Member of the Texas House of Representatives from the 135th district
- Incumbent
- Assumed office January 8, 2019
- Preceded by: Gary Elkins

Personal details
- Born: Jon Eric Rosenthal August 17, 1963 (age 63) Stanford, California, U.S.
- Party: Democratic
- Spouse: Aminta Rosenthal
- Children: 2
- Education: University of Texas, Austin (BS) University of Houston (GrCert)
- Website: Campaign website

= Jon Rosenthal =

American engineer and politician

Jon Eric Rosenthal (born August 17, 1963) is an American engineer and politician. He is a Democratic member of the Texas House of Representatives, representing the 135th district including Northwest Houston, Cypress, and Jersey Village.

==Early life and career==
Rosenthal was born at Stanford University Hospital in Stanford, California, in 1963 and has lived in Texas since 1979. His father, Haskell P. Rosenthal, was the John T. Stuart III Centennial Professor of Mathematics at the University of Texas at Austin, and his mother, Maryon Nagles-Gonzalez, is a retired cosmetics sales director. At 14, he spent a year in Israel while his father took a sabbatical at the Hebrew University of Jerusalem and became conversational in Hebrew through taking classes. He earned a Bachelor of Science in mechanical engineering from the University of Texas at Austin in 1991 and a graduate certificate in subsea engineering from the University of Houston in 2016.

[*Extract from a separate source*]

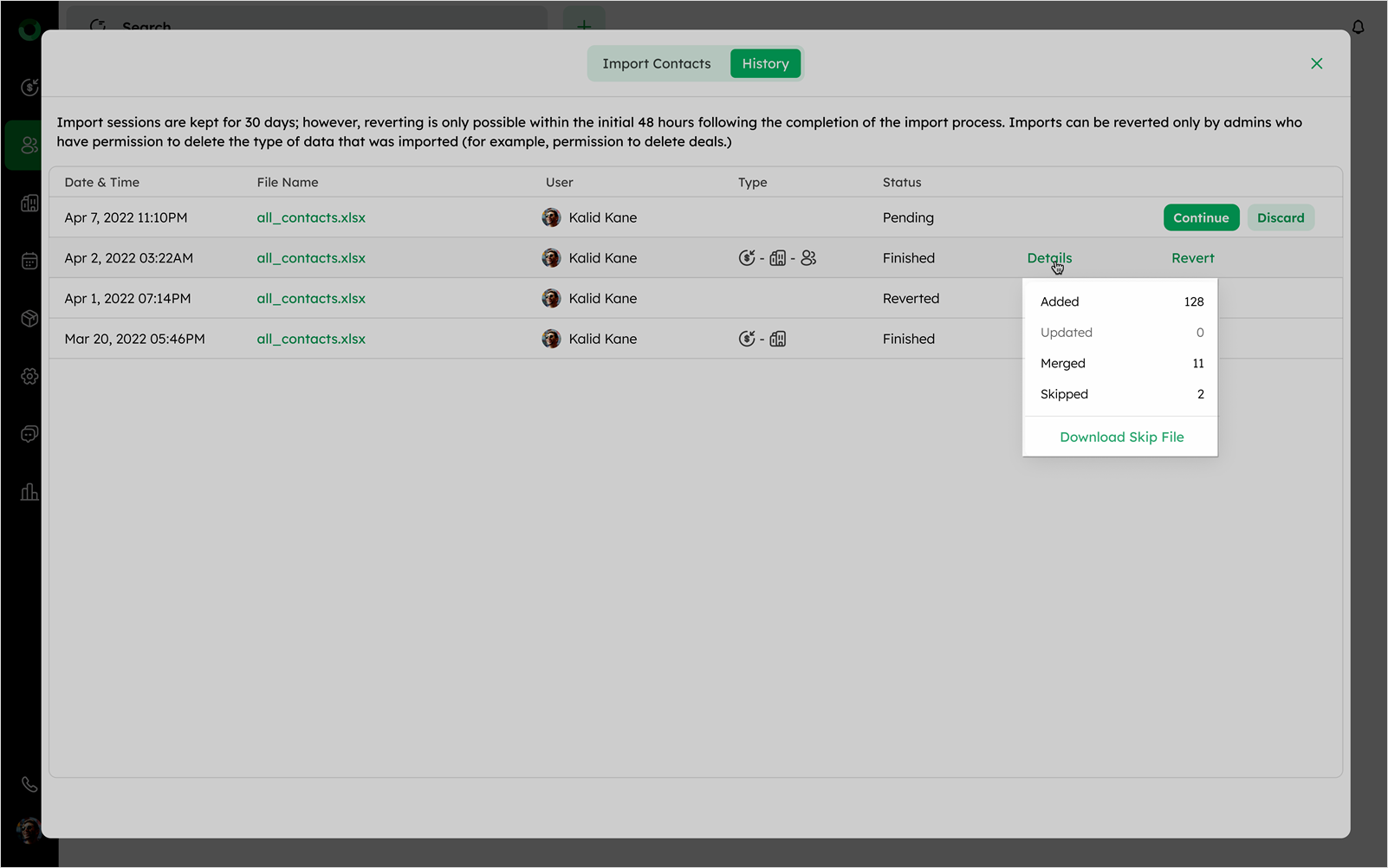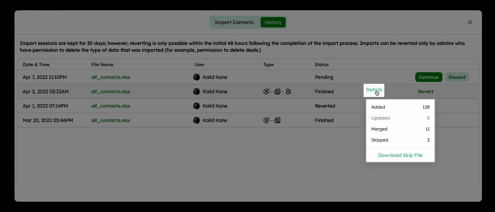 Only admins with the appropriate permissions can revert an import. (e.g., permission to delete deals)

Prior to his election to the House of Representatives, Rosenthal founded an Indivisible group in Texas' 7th congressional district. He has worked for over 25 years as a Project Manager, Engineering Manager, and Subsea Systems Engineer in and around the oil and gas industry.

==Texas House of Representatives==
Rosenthal was sworn into the Texas House on January 8, 2019, after winning the November 2018 general election. He defeated 12-term incumbent Republican Gary Elkins.

As a freshman member of the 86th Legislative Session, Rosenthal was appointed to the House Committee on County Affairs and the House Committee on Energy Resources. Rosenthal was honored as the Freshman of the Year by the Texas Legislative Study Group.

On September 29, 2025, Rosenthal announced he would run for the Texas Railroad Commission in 2026. He won the primary unopposed.

==Personal life==
Rosenthal has resided in Northwest Houston since 2007. He is married to his wife, Aminta, and they have two adult children. He was raised in an interfaith household, with a Reform Jewish father and Christian mother, and identifies as both agnostic and "multireligious".